Вопреки уничижительному названию, в Выселках процветала свобода и местный патриотизм; только бегство считалось там за измену. Однажды это преступление совершила девочка со скрюченными, негнущимися пальчиками ноги; девочку звали Джуниор. Вивьен, ее мать (без всякого, между прочим, сдвоенного "н" на конце), хотела как можно скорее дать ребенку имя. Однако после родов прошло три дня, а она все никак не могла надолго прийти в сознание, чтобы сделать выбор, и за это время отец придумал назвать новорожденную Джуниор – то ли в честь себя (его звали Итон Пейн Джуниор, то есть Итон Пейн Младший), то ли в честь своей обиды, ведь у Вивьен уже было четверо мальчиков, но все не от него. Вивьен в конце концов все-таки выбрала ребенку имя и, может быть, даже пару раз им воспользовалась, когда Итон ушел от нее обратно к отцу. Но это "Джуниор" прилипло. Джуниор, и все тут – с этаким еще призвуком мужского рода, вроде как называют иногда ребенка "Мелкий" независимо от пола, – и никому это не мешало, да и больше тоже ничего не требовалось, пока не приспело ей идти в школу. "Джуниор Вивьенн", – глянув исподлобья, буркнула девочка, и когда учительница хмыкнула в кулак, первоклашка, почесав локоть, вдруг сообразила, что можно было бы сказать "Джун"… или нет, лучше – "Жуни?".

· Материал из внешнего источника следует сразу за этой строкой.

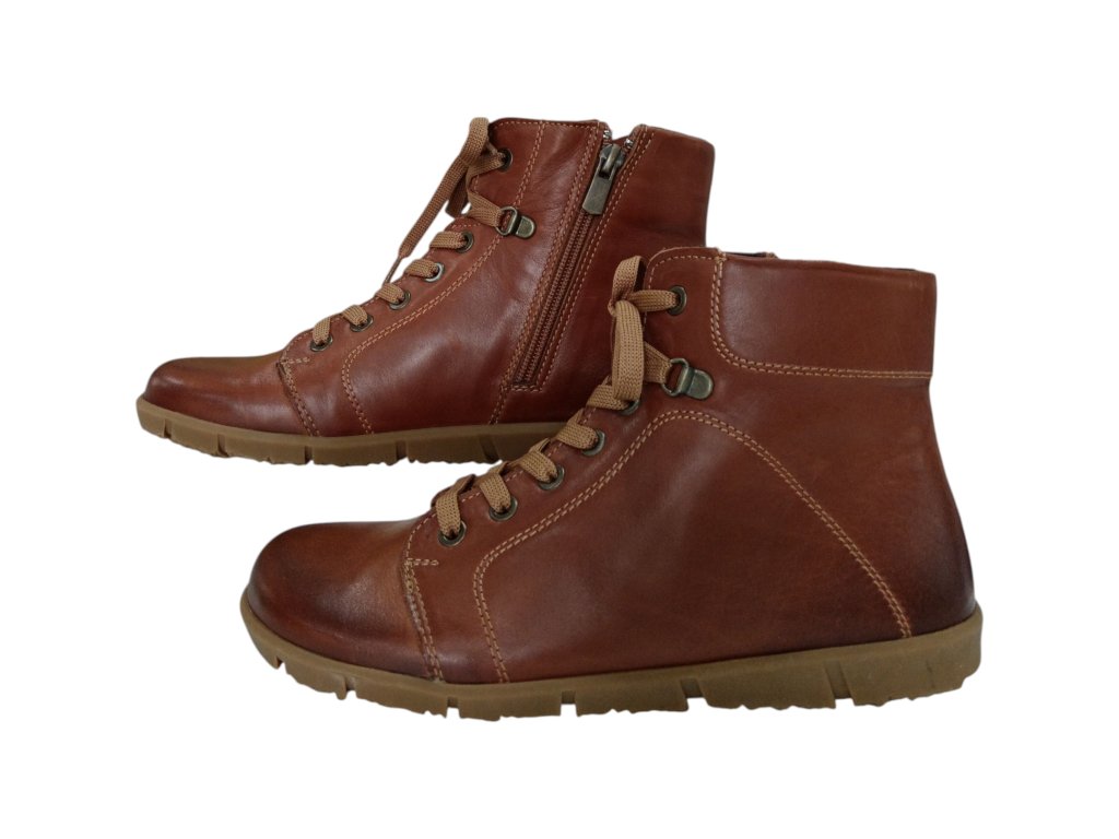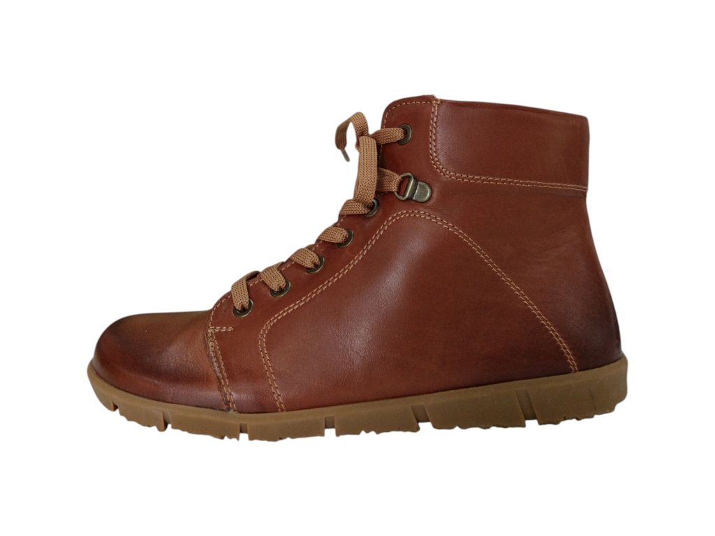 Kožené kotníkové barefoot boty beBare v teplém hnědém odstínu spojují styl, pohodlí a funkčnost. Mají zateplenou podšívku, nevyjímatelnou koženou stélku a celkovou výšku cca 14 cm včetně podešve. Díky anatomickému tvaru, tenké flexibilní podrážce a nulovému dropu respektují přirozený pohyb chodidla, podporují správné držení těla a zdravou chůzi. Zip na boku usnadňuje obouvání.
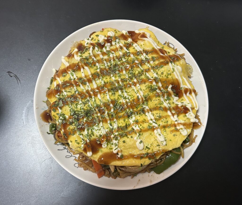 今日の夕食は焼きそばを作りました。焼いた卵を乗せてオムそば風にしました。隠し味にいつも秋肉のタレをぶち込むのですが、マジでうまかったし、結構量があったんですけどぺろっと食っちゃいました。これ絶対元気っす。笑
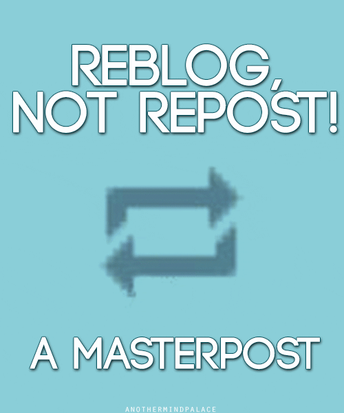 There is nothing wrong with reblogging things or even reposting them if you give the artist or writer credit!! Always make sure you do not take credit for other's work! And if you know who did it make sure to give them credit! Sometimes if you don’t know it even works to just post it and ask if anyone knows the creator. Never try and steal things that aren’t yours!
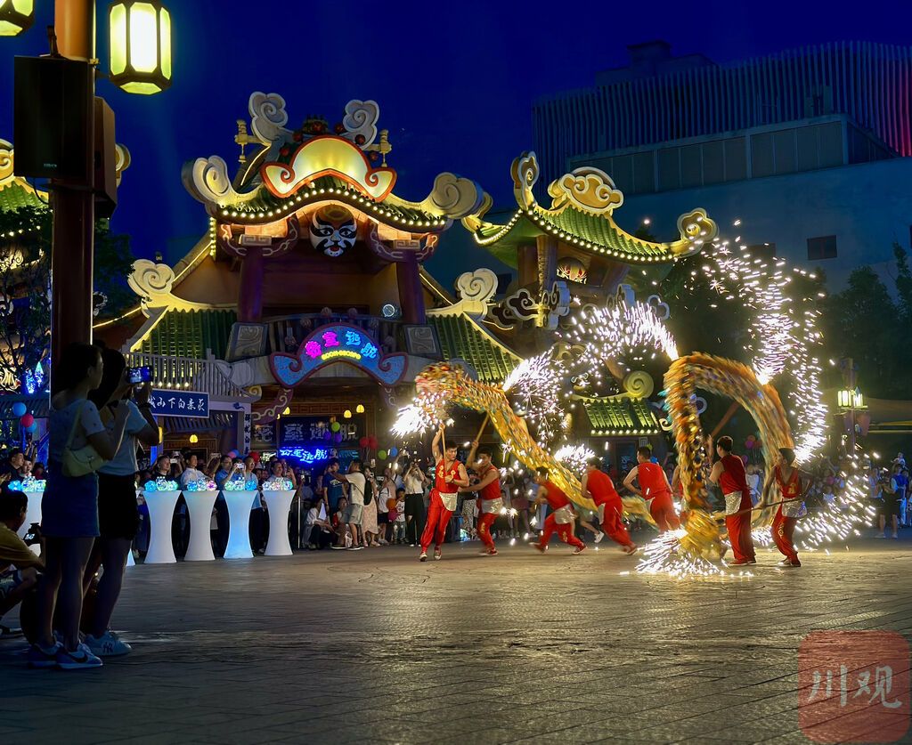 天府国潮夜游节由都江堰文体旅局联合成都融创乐园举办,深入挖掘都江堰本土文化,打造集国潮灯会、国风巡游、花火演艺、炫彩游乐等元素于一体的都江堰夜间旅游消费新场景,进一步激发都江堰旅游市场活力,点亮都江堰“夏日夜经济”。

Чтобы девчонки ходили в школу, это в Выселках не приветствовалось, но у Джуниор все дядья и все братья – как двоюродные, так и сводные – хоть какое-то время школу посещали. В отличие от них, она почти не прогуливала. Дома она вечно была одна, без надзора, и чувствовала себя дворовой собачонкой. Собак в Выселках водилось с полсотни, и содержание их было беспорядочным – то она на короткой цепи, то – глядь! – бегает по помойкам сама себе голова. От драки до кормежки они спали – либо у кола на привязи, либо клубком у крыльца. Предоставленные самим себе гончие спаривались с овчарками, колли – с лабрадорами. К тысяча девятьсот семьдесят пятому году, когда родилась Джуниор, вывелась странная, невиданная и, как ни удивительно, довольно симпатичная на вид порода; люди понимающие узнавали собак из Выселков с одного взгляда, а те гоняли чужаков почем зря, и если уж на охоту попадут, так там они просто чудо.

Джуниор много лет скучала по отцу, упорно просила, чтобы ее к нему сводили.

– Ты замолчишь когда-нибудь или нет? – вот все, что она слышала в ответ от Вивьен, пока однажды мать не сказала: – Он в армии. Говорят.

– А когда вернется?

– Ах, да кому он нужен, детка! Кто он такой? Иди поиграй лучше.

Она уходила, но продолжала ждать высокого, статного мужчину, который назвал ее в честь себя, чтобы показать, что он ее любит. Как тут не будешь ждать.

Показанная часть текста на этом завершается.